Is blogging still a thing? Hell yes.
In honor of my 11th anniversary in blogging this month, I’ve written a two-part post. The second part, Hell no, will run Tuesday on Y’all Connect.
Blogging can be a tough sell. It seems like fewer people get started, and even fewer keep going. Why not Instagram and Snapchat your lives than blog them?
I’ve seen a lot of blogs come and go in the 11 years I’ve blogged, along with blogging groups, conferences and experts. Once you figure out the domain registration, the site setup, the formatting, the schedule and the audience, you still need the energy to actually write and upload photos.
Even putting videos on YouTube daily is easier.
I’ve thought a lot about blogging in 2016, what it means for clients and hobbyists, and whether it’s worth the effort. Today, I focus on the reasons why you should blog regularly for your company or organization.

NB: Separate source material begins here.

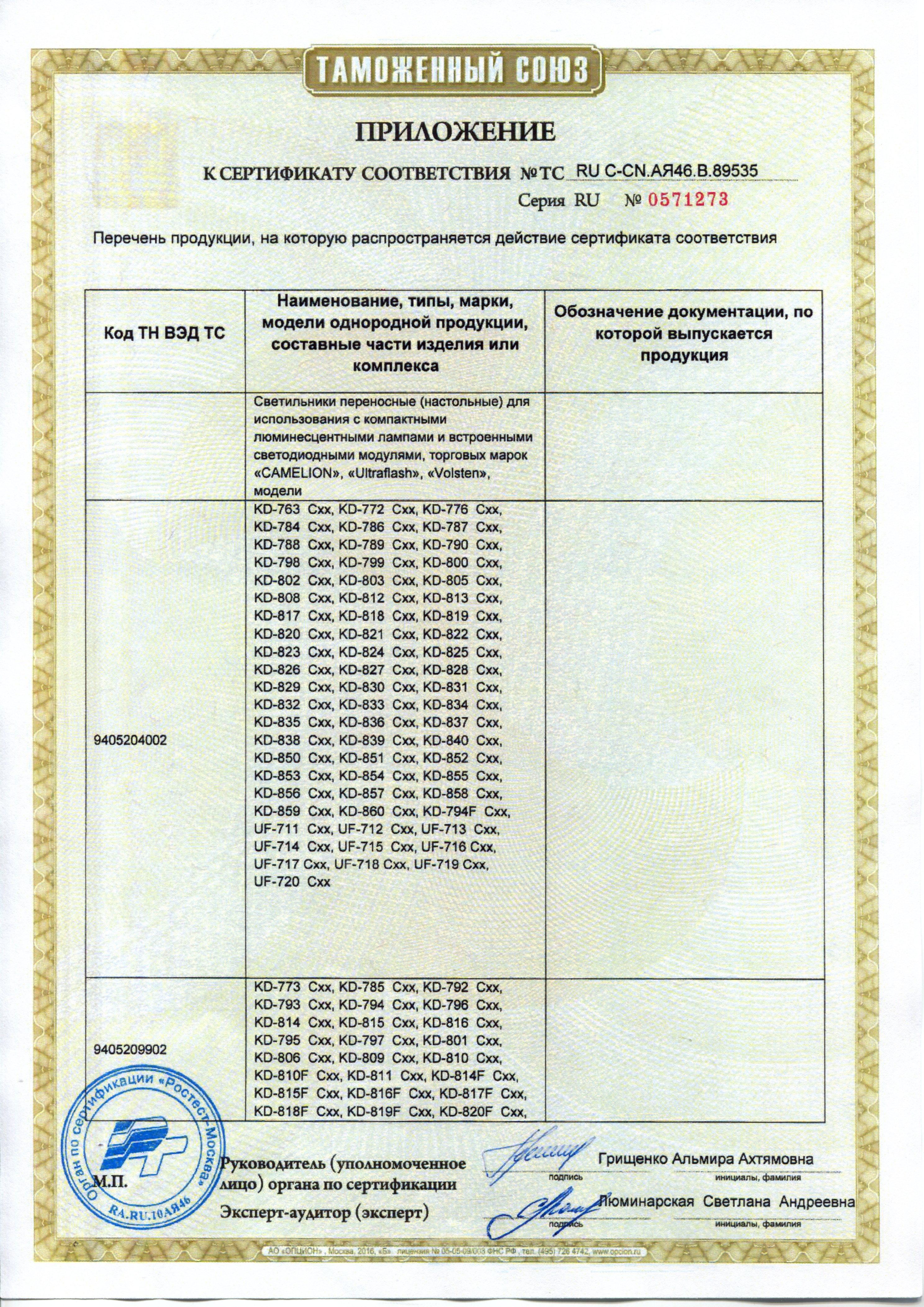 Сертификат на товар - Светильник Camelion KD-821 C03 серебристый

1. Good blog content has a payoff in sales. Those unfamiliar with blogging automatically assume that bloggers can make money and that it’s a direct path from publishing posts to raking in cash.
That’s never been true.
What is accurate these days is that search engine optimization still exists and evolves, driven mostly by Google. And Google now emphasizes good, unique content in ranking sites. No more keyword stuffing, no more crazy tags, no more link farming — I mean, people still do that crap, but they penalize for their sites.

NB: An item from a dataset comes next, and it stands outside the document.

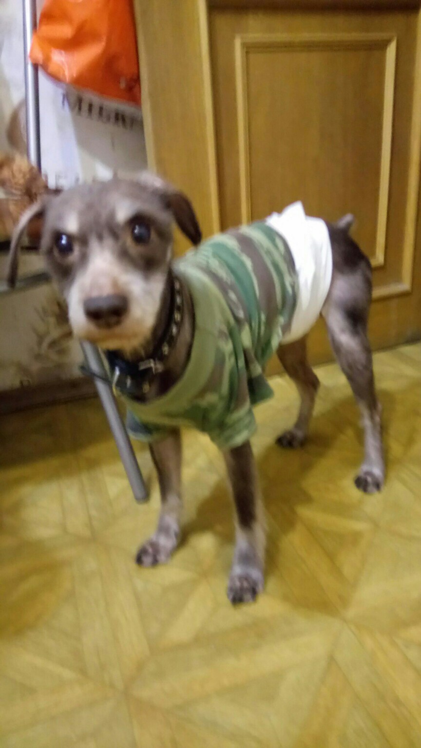Фил, парень не мелкий, высоколапый 38+ в холке на вид будет, не стали мерить, он и так, когда увидел одежду и пакет с памперсами забился под стол, да в общем пока сидели на кухне, он лежа на своем месте под батареей периодически гундел вслух, приехали тут визитеры с "непонятными призентами" :laugh:

Posts that are helpful, entertaining or informative perform better on SERPs (search engine results pages). That improves SEO and draws more traffic. The smart brand uses that traffic to build leads and market directly to potential customers.
That’s the profit from blogging.
2. Blogging is the best way to stand out. This is an opportunity to resonate with people. Most brands blend together, but the only way to win fans and customers is to stand apart.
A blog provides the simplest way to keep a site (and its readers) up to date. Sure, companies should keep catalogs and pages current, but they make it an annual or biennual overhaul. How do I as a first-time visitor know if you have the latest equipment or are aware of the best options?
Consumers are armed to the teeth with information. They are no longer at the mercy of salespeople. Companies attempting to close the sale can either assist browsers with info — about models, specs, parts, manufacturing process, reviews, etc. — or hinder them.
And more customers want to connect with brands beyond price and color. They want to know what a company stands for, and how it crafts its goods. That’s the kind of insider info that belongs on a blog by diverse voices from all over the organization.
3. A blog offers full control and ownership of the message. Investing too much of the marketing resources into social media can backfire the moment those channels change the rules. Facebook has mastered this game, forcing even the biggest companies to pay for access to their own fans.
Setting aside resources for building and maintaining a home base platform on the company site should always be the starting point. It can drive creation of channel-specific content and guide visitors through the sales funnel.
Otherwise, marketers are always at the mercy of the rules and the limitations of each social channel.
4. Share your message with the world. Blogging remains one of the few universally accessible platforms. People can view posts in any browser without having to sign in, pay a fee or download an app.
The freedom to create and explore is unlimited. The responsibility is to offer readers a reason to stick to the end of the post and return for more good stuff.
That’s why blogging is still a thing. A big thing.